Abstract

Familial Hypercholesterolemia (FH) is a monogenic disorder of low-density lipoprotein receptor (LDLR) dysfunction, resulting in pathological LDL cholesterol levels and accelerated cardiovascular disease. Many FH patients are refractory to pharmacologic therapies and require cholesterol apheresis or liver transplant. Induced pluripotent stem cells (iPSC) are a promising cell-based option for ameliorating such disorders, though clinically relevant approaches for their functional correction remain to be explored. Homozygous FH fibroblasts were used to generate iPSC (FH-iPSC) using non-integrating synthetic modified mRNAs. Pluripotence was confirmed via immunocytochemistry (OCT4, SOX2, SSEA4, TRA 1-60 & TRA 1-81), in vitro spontaneous differentiation, and in vivo teratoma formation. To mitigate LDLR dysfunction, FH-iPSC were non-virally transfected with a physiologically sensitive episomal LDLR BAC-based plasmid, circumventing cytotoxic LDLR over-expression, insertional mutagenesis, and transgene activation. Transfected colonies (FH-iPSC-LDLR) were selected via Hygromycin-B resistance. After six months of continuous culture, the plasmid was rescued by alkaline lysis, isolated, and introduced into CHO-a7 (LDLR-/-) cells.

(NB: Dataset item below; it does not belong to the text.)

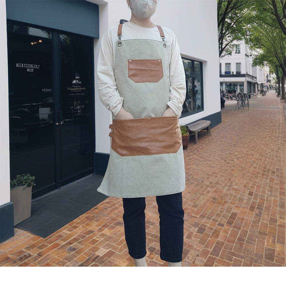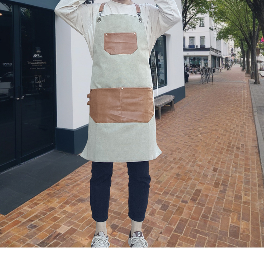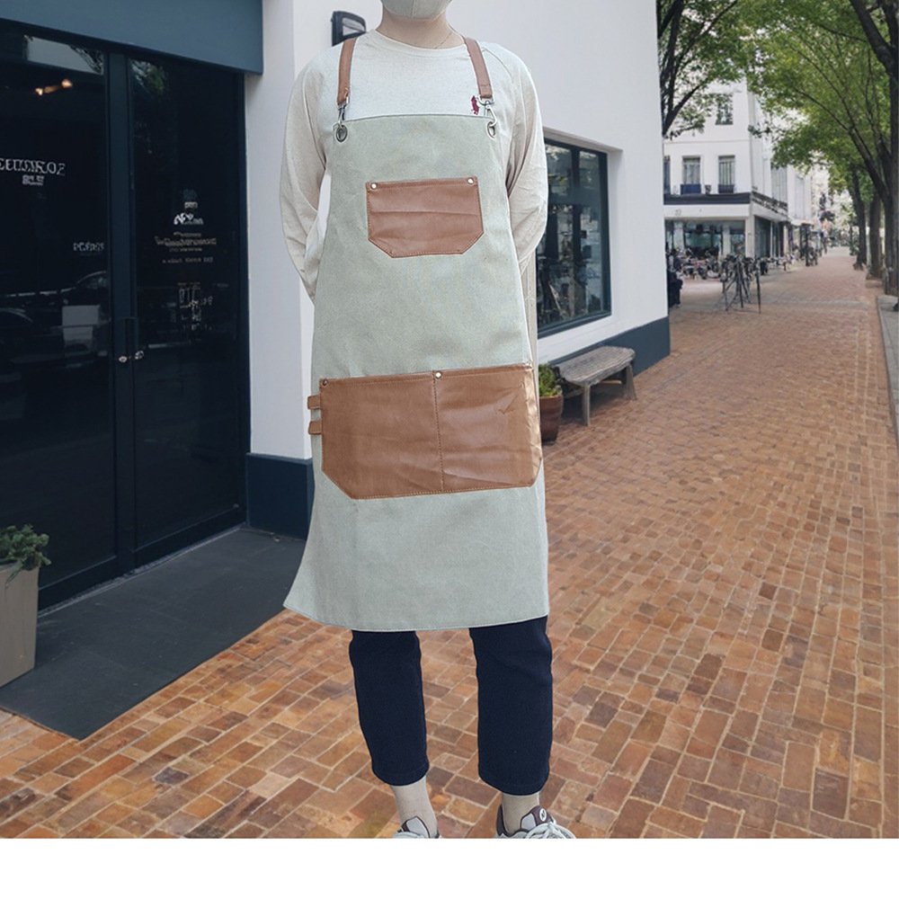 젊은 우유 차 커피 숍 두꺼운 캔버스 다크 브라운 PU 가죽 주머니 인쇄 새로운 우유 차 가게 맞춤 로고스토어 가기

AgeI restriction digest analysis was performed and DiI-LDL uptake qualitatively demonstrated plasmid functionality. FH-iPSC were also differentiated into hepatocyte-like cells (FH-HLC) and tested for definitive endoderm (SOX17, HNF4α, GATA4) and hepatocyte lineage (AFP, Albumin) markers via PCR and immunocytochemistry. FH-HLC stored lipids and cleared Indocyanine Green. Corrected FH-HLC (FH-HLC-LDLR) qualitatively exhibited markedly increased DiI-LDL internalization compared to dysfunctional FH-HLC (Figure 1). These experiments support a proof-of-principle that patient-specific iPSC can be generated and functionally rescued with clinically relevant vectors to produce therapeutic cell lines.